Говорю без выражения, чтобы не закричать.
– Sie ist schwanger… – зачем-то переводит для Геральдины Катя.
– Вiд нього, – кивает на меня Ганна.
Катя замирает. На лице Геральдины – подчеркнутое непонимание. Кивок Ганны красноречив, но ей трудно представить, что герр Яновски… В глазах Геральдины мелькает что-то не вполне пристойное. Нет, герр Яновски никогда на других женщин не заглядывался, она не может в это поверить. Геральдина бросает взгляд на Ганну. То есть может, конечно, и поверить, но – с трудом.
Катя подходит к Ганне и приподнимает рюкзак за боковые ремни, давая гостье возможность освободить руки. Неловко обнимает Ганну, усаживает ее в кресло. Ожидавшая скандала Ганна продолжает держаться скованно, поскольку всё еще может состояться.
– Ганна, – глаза Кати светятся, – дорогая Ганна…
– Г’анна, – энергично поправляет ее Ганна.
– Что-то среднее между г и х, – поясняю Кате.
– Г’анна, – с готовностью повторяет Катя. – Какое счастье, что вы с маленьким приехали к нам.
Глядя в потолок, Ганна поводит плечом. А куда ей, собственно, было еще ехать?
– Я имею в виду, – Катя чертит в воздухе геометрические фигуры, – что вы не сделали ничего непоправимого…
Поджатые губы Ганны дают понять, что так вопрос даже не ставился. Геральдина подает завтрак. Ганна почти ни к чему не притрагивается.
После завтрака Катя предлагает пойти в Английский сад. Ей кажется, что там будет чуть легче, чем дома. На главной аллее мы оказываемся в центре мюнхенской велосипедной жизни. Обычная наша прогулка, всё ровно так же, как происходило сотни и сотни раз, но – в присутствии Ганны. Велосипеды едут нам навстречу и обгоняют сзади, выезжают из-за деревьев и за деревьями же, в отличие от Ганны, исчезают. Тормозят, сигналят, стучат велоаптечками в кожаных сумках и совершенно не дают разговаривать. Чему все, в общем-то, рады. Некоторые велосипедисты, спешившись, просят разрешения сделать со мной селфи.
Когда мы выходим на боковую дорожку, наступает тишина, и можно говорить. Нужно говорить. Дорожка узкая, в одну шеренгу гуляющим идти не получается, так что я пропускаю дам вперед. Чувствую себя двоеженцем. Это слово прилипает к языку и плавит его. Да, Катя – само благородство и просчитывается на пальцах одной руки. Предложит Ганне остаться у нас – непонятно только, в качестве кого. Младшей жены?
Для Кати все дело здесь – в ребенке. Раз он с Ганной зачат, значит, Ганна и жена.
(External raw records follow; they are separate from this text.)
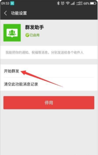 3、进入群发助手,这里可以进行群发,清空记录,也可以停用群发助手。点击“开始群发”。
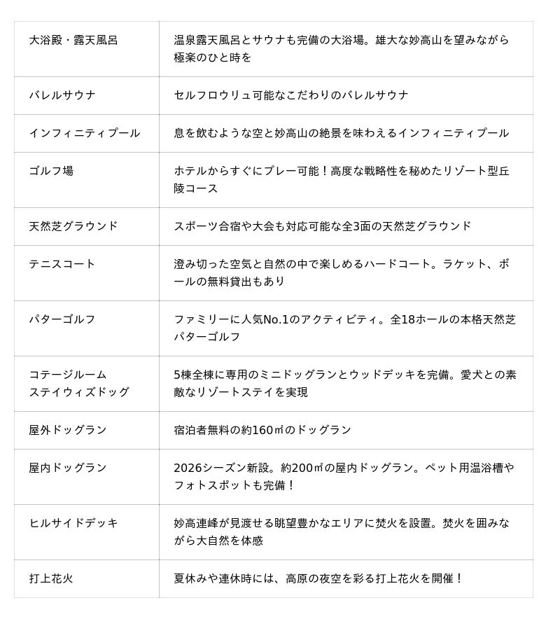 2026シーズンより、広大な敷地と四季折々の資源を活かした「滞在型自然体験」をスタートします。「自然を無理なく、確実に楽しむ」をコンセプトに、季節に合わせて気軽に参加できるメニューをご用意しています。満天の星空観賞や昆虫採集、山菜採りなど妙高の大自然の中でしか味わえない非日常な体験をお楽しみください。また、屋内ドッグランや天然芝グラウンドのほかにも当施設にはゴルフ場、バレルサウナ、インフィニティプール、テニスコート、パターゴルフなど多彩な施設・アクティビティを揃えています。お客様の滞在目的に合わせ、大自然の静寂とアクティブな高揚感の両立を実現します。日常を離れ、心身ともにリフレッシュできる特別なひとときを、ここ妙高の地で心ゆくまでご堪能ください。
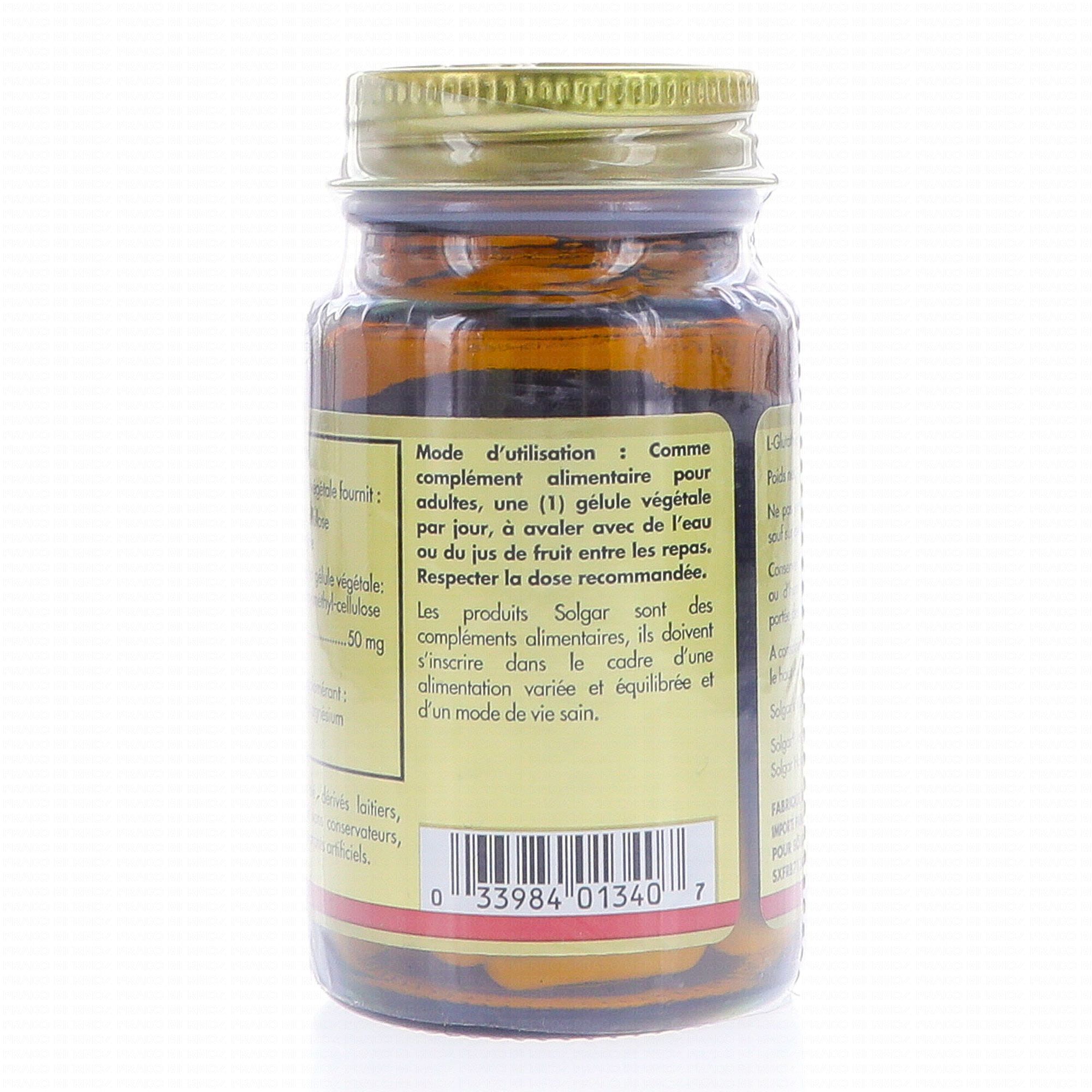 SOLGAR L glutathione 50mg 30 gélules est un complément alimentaire qui contribue à réguler et régénérer les cellules immunitaires et agent détoxifiant. Lutte contre les radicaux libres en les neutralisant. Renforce l'élimination des toxines : limite le stress oxydatif au sein de l'organisme. Convient aux végétariens. Kasher. Sans gluten, blé, dérivés laitiers, soja, levure, sans conservateurs, arômes, ou colorants artificiels.

А с кем не зачат – значит… Беда. Замедляю шаг и отстаю от женщин. Катя оборачивается, смотрит на меня беспомощно, но я внимательно слежу за белкой на стволе сосны. С тем же вниманием белка следит за мной. Она знает, что неприятности в жизни происходят преимущественно из-за мужчин.
Я незаметно увеличиваю дистанцию, и ни одна из женщин не отваживается меня позвать. Долетают обрывки разговора, который идет по-русски: Катя украинского не знает. Ганна, кажется, тоже. В Лондоне мне это как-то не бросилось в глаза, но сейчас незнание ею рiдної мови все более очевидно.
Ее русский, мягко говоря, тоже небезупречен – особенно то фрикативное г, которому она уже успела научить Катю. Русский, перенявший многое из украинской фонетики. От этого акцента избавиться чрезвычайно сложно, тут прочитать параграф учебника недостаточно – это вам не склонение существительного путь. Слыша речь Ганны, хочется отойти от нее еще дальше. Просто Элиза Дулиттл какая-то. Только вот я – не профессор Хиггинс.
Говорит в основном Катя. Долетают слова наш долг, на третьем этаже. Катя собирается поселить Ганну на третьем этаже. Они уже идут рука об руку: Катя в чем-то воздушно-черном и Ганна в своей вышиванке. Вернувшись домой, готовятся к обеду. Катя приносит Ганне шелковый домашний халат:
– Пусть все будет по-домашнему, потому что вы дома.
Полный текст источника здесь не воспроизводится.